◆ Directions for this task: Go through the listing below and output exactly the line with "in the water", the line with "Для определения геометрии", and each line between; omit the rest.

◆ Available data:
==========

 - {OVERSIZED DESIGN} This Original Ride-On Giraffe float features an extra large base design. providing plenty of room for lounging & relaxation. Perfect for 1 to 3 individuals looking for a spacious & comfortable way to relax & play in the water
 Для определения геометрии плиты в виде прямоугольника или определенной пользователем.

==========

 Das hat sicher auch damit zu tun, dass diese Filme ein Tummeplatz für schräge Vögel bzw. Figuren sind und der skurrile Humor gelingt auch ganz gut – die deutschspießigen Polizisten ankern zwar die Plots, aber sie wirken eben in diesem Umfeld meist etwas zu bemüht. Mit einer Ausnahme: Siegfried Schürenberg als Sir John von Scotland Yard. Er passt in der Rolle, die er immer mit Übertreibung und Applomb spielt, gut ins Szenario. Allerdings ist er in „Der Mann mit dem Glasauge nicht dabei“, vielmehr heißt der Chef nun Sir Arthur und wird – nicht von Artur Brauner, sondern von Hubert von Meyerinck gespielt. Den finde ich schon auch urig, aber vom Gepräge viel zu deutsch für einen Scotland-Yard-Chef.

==========

◆ Completed task:
 - {OVERSIZED DESIGN} This Original Ride-On Giraffe float features an extra large base design. providing plenty of room for lounging & relaxation. Perfect for 1 to 3 individuals looking for a spacious & comfortable way to relax & play in the water
 Для определения геометрии плиты в виде прямоугольника или определенной пользователем.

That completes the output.